Data excerpts
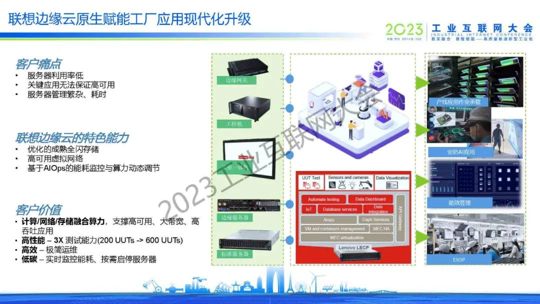 楊春表示,聯想在邊緣計算領域率先布局,打造針對性的邊緣原生算力,構建邊緣原生算力技術架構,不斷推出具備可靠性、靈活性、穩定性、管理性、安全性,五大特性的邊緣計算產品。聯想慧天智能邊緣產品家族正在滿足行業客戶的多樣化算力需求。聯想希望與各行各業客戶一起,共創邊緣計算解決方案,以邊緣原生算力助力行業智能化轉型,共同推動邊緣計算在工業互聯網領域的加速發展。
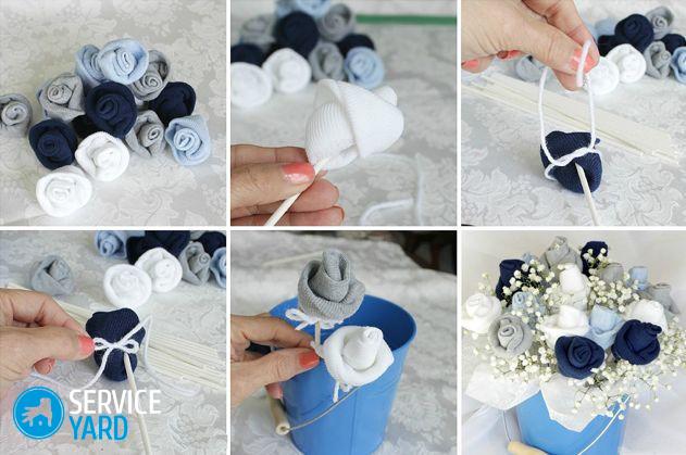 Para hacer un ramo de flores para un niño o una niña, se requerirán casi los mismos materiales y herramientas. Sin embargo, vale la pena considerar que los calcetines deberán elegir un tono más delicado: rosa, rojo, amarillo.
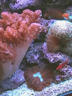 10.000 °K (accese per 6 ore) più due blu da 24 W ( Aquaspacelight dell’Aqualine Buschke) + 80 W di luce attinica (accesi per 12 ore) Marin-glo dell’Askoll.
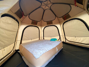 山脊原来的卧室帐篷小了点适合1-2人,一家三口就有点捉襟见肘了,一直在看星宿感觉非常合适,做工用料一如既往的好,通风遮光都没什么可说的,空间大多了,加上山脊再加上天幕和车尾连接件,应该会挺不错的。
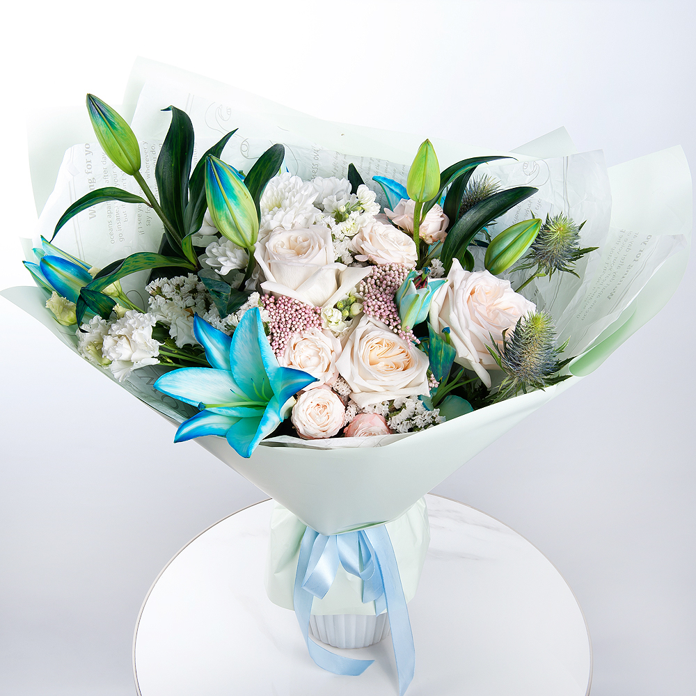 El ramo "Éxtasis Azur" es una verdadera obra de arte, creada con las flores más exquisitas. El ramo combina armoniosamente lirios, matthiolas, crisantemos de arbusto y rosas peonía, que le otorgan ternura y elegancia. Los lisianthus, ozotamnus, eryngium y statice añaden ligereza y aire a la composición, mientras que las rosas peonía "OHara" se convierten en un brillante acento que resalta la belleza y sofisticación del ramo. El ramo "Éxtasis Azur" será un regalo maravilloso para cualquier ocasión. Es adecuado para felicitar en un cumpleaños, aniversario, boda o cualquier otra celebración. ¡Ordene el ramo "Éxtasis Azur" y regale a usted mismo o a sus seres queridos emociones inolvidables!
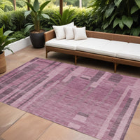 9' X 12' Blush And Brown Striped Washable Indoor Outdoor Area Rug
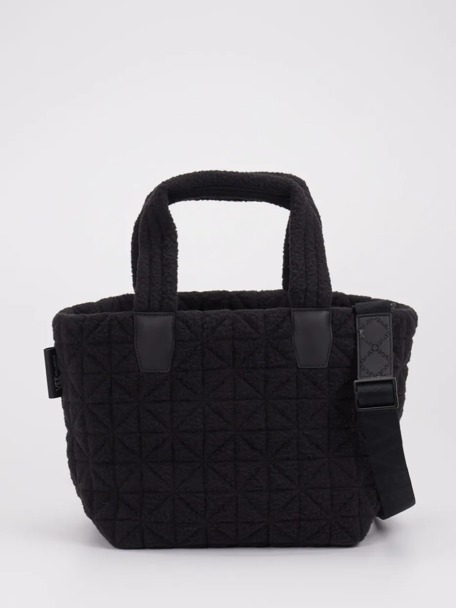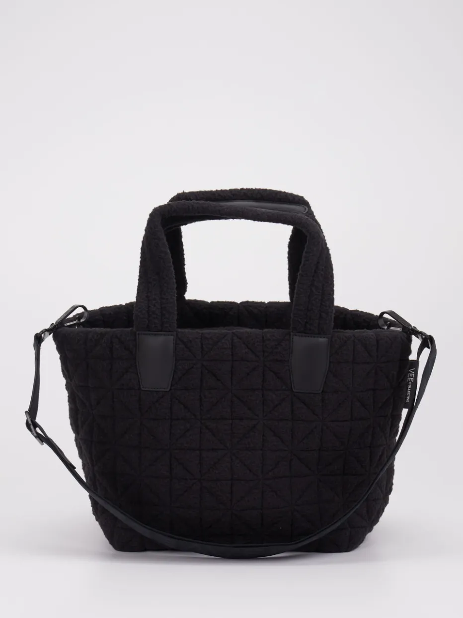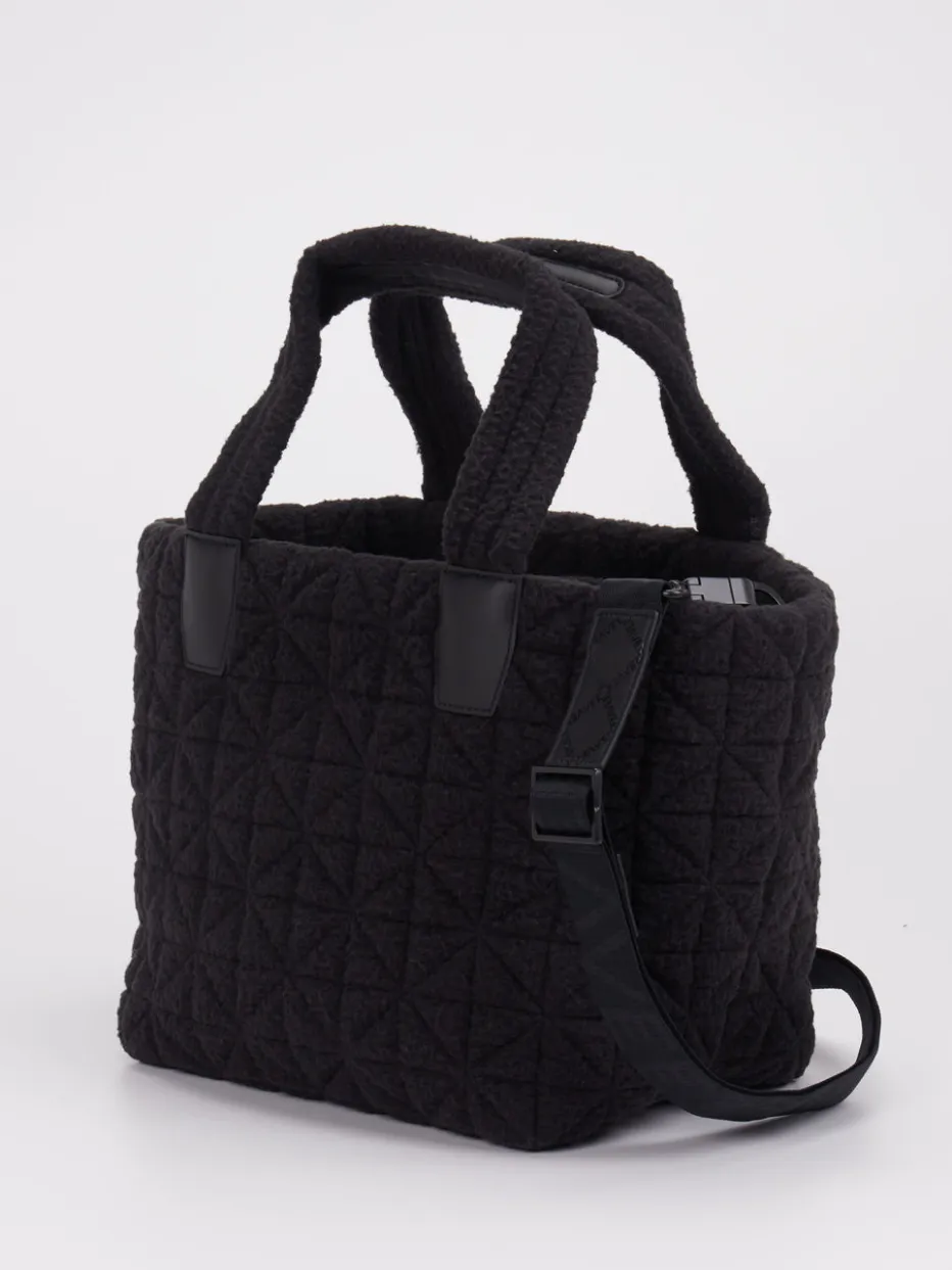 Weich, urban, alltagstauglich. Mit dieser Shopper Bag bringt VeeCollective Berlin eine stylishe Variante der Schulter- und Umhängetasche auf den Punkt. Der weich strukturierte, wasserabweisende Textilkörper in schwarzer Steppoptik vermittelt ein angenehm gepolstertes Tragegefühl – ideal für Freizeit und City. Kunstlederdetails an Griff und Riemen sorgen für Stabilität, während das Nylonfutter und der Reißverschluss praktisch durchdacht sind. Rechteckige Form, dezentes Logo am Gurt und ein verstellbarer Schulterriemen unterstreichen den unaufgeregt urbanen Charakter. Teddy-Texturen und Soft Utility machen die Tasche zu einem Fashion-Update für kuschelige Looks. VeeCollective verbindet Funktion, Design und ein modernes Gespür für Alltagstauglichkeit – garantiert vegan.
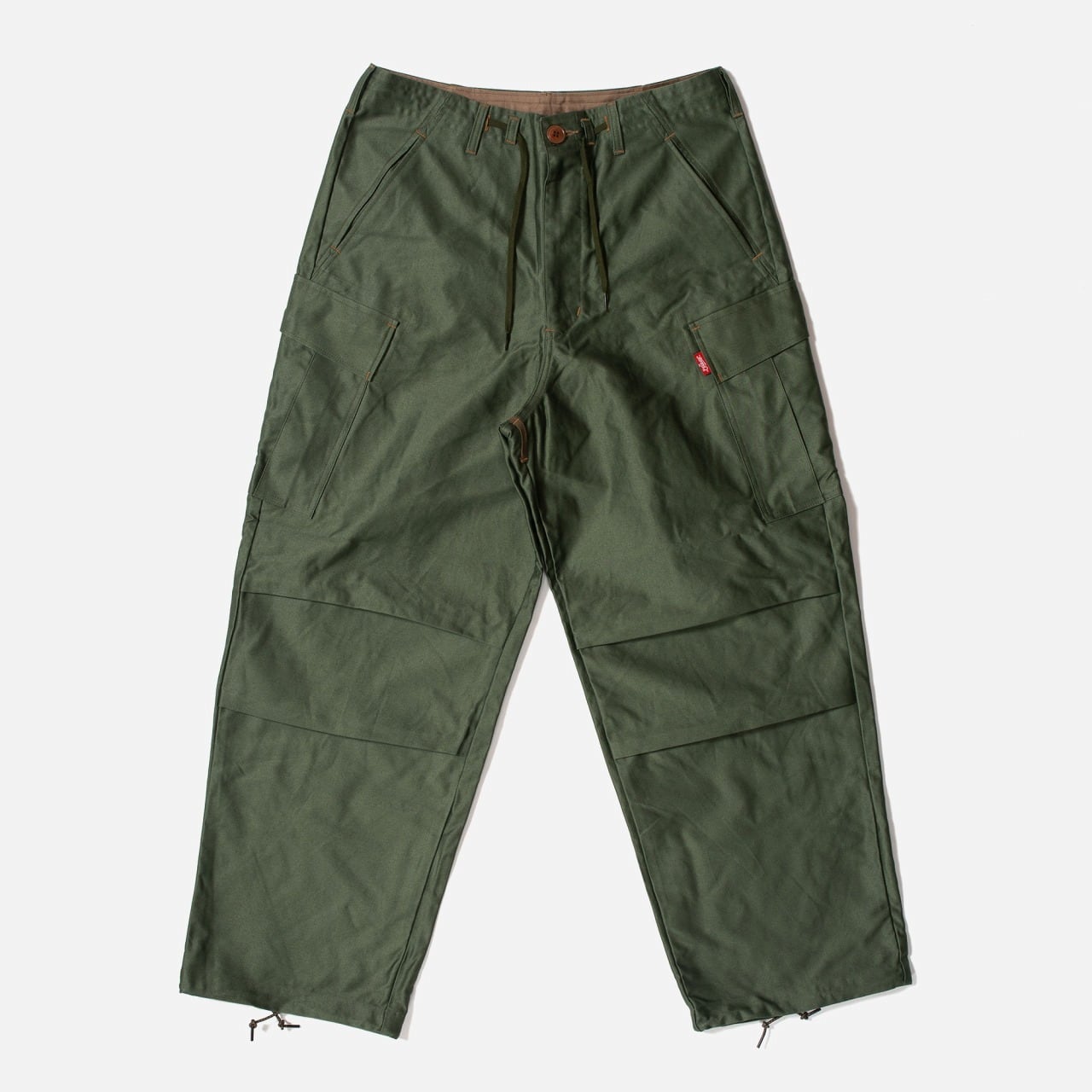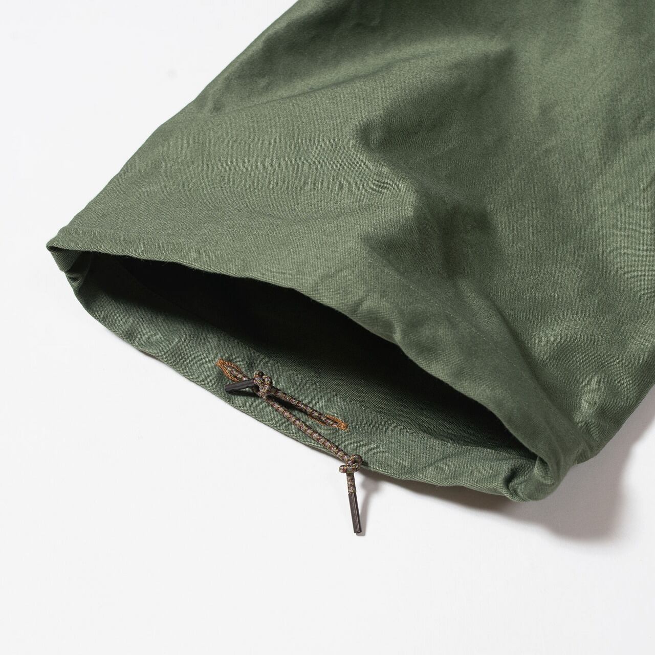 カーゴパンツにおけるアイコン的存在のM65がベースのフィールドトラウザー。素材は強度、耐久性を図り、高密度で織り上げられたフレンチモールスキン硫化染め を採用。ウエスト部分にドローコードを内臓しウエストの調整が可能。
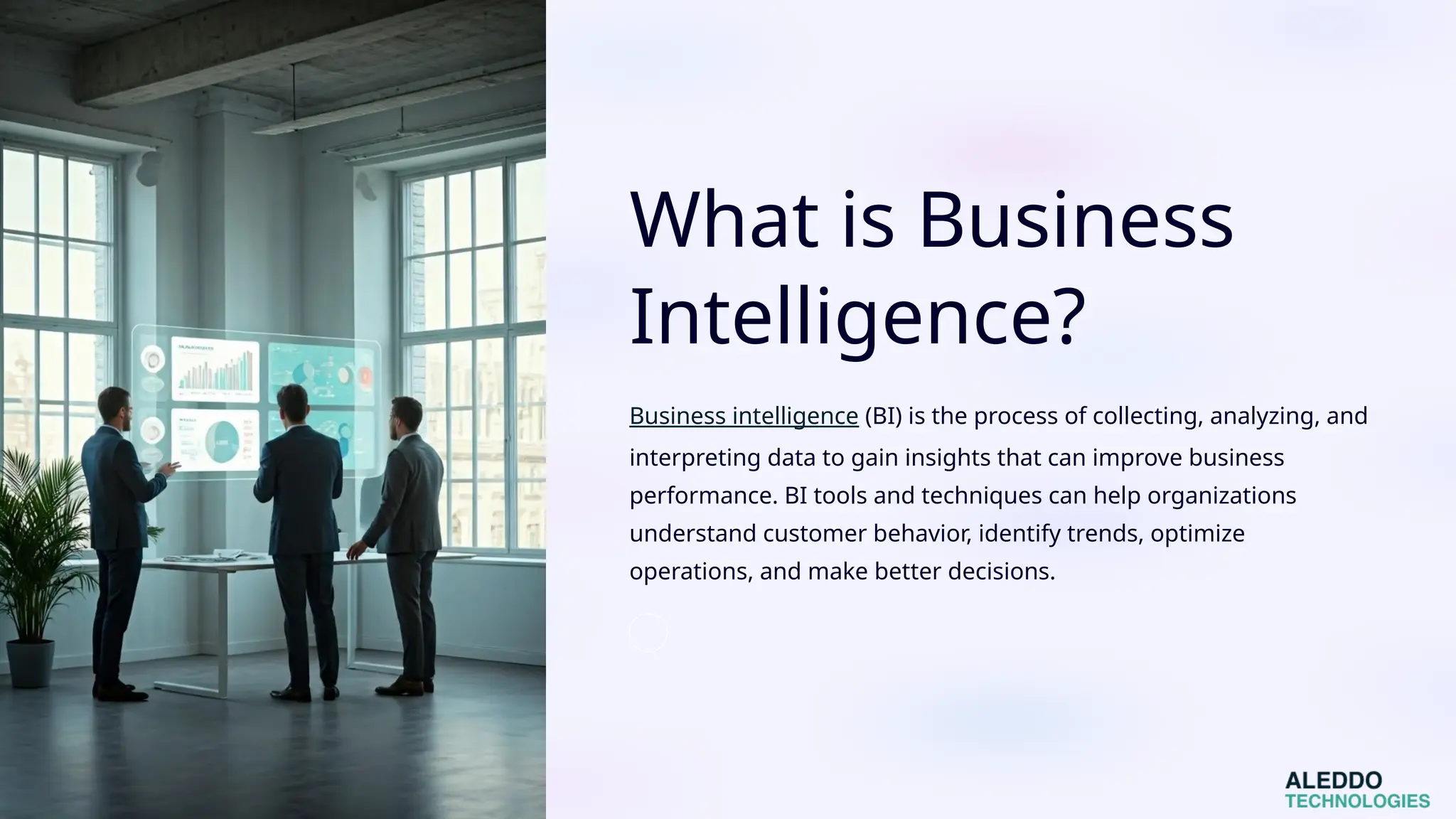 Business Intelligence (BI) is the process of analyzing data to enhance business performance through improved decision-making, efficiency, and competitive advantage. It utilizes various data sources, both internal and external, and relies on tools like Power BI, Tableau, and Excel for visualization and reporting. Future trends indicate an increase in AI integration, big data utilization, and the democratization of BI tools for broader access to data insights.

Requirement -
Transcribe only this stretch of the data: the line with "10.000 °K (accese", the line with "山脊原来的卧室帐篷小了点适合", and every line in between. Leave out the pictures.

Task result -
 10.000 °K (accese per 6 ore) più due blu da 24 W ( Aquaspacelight dell’Aqualine Buschke) + 80 W di luce attinica (accesi per 12 ore) Marin-glo dell’Askoll.
 山脊原来的卧室帐篷小了点适合1-2人,一家三口就有点捉襟见肘了,一直在看星宿感觉非常合适,做工用料一如既往的好,通风遮光都没什么可说的,空间大多了,加上山脊再加上天幕和车尾连接件,应该会挺不错的。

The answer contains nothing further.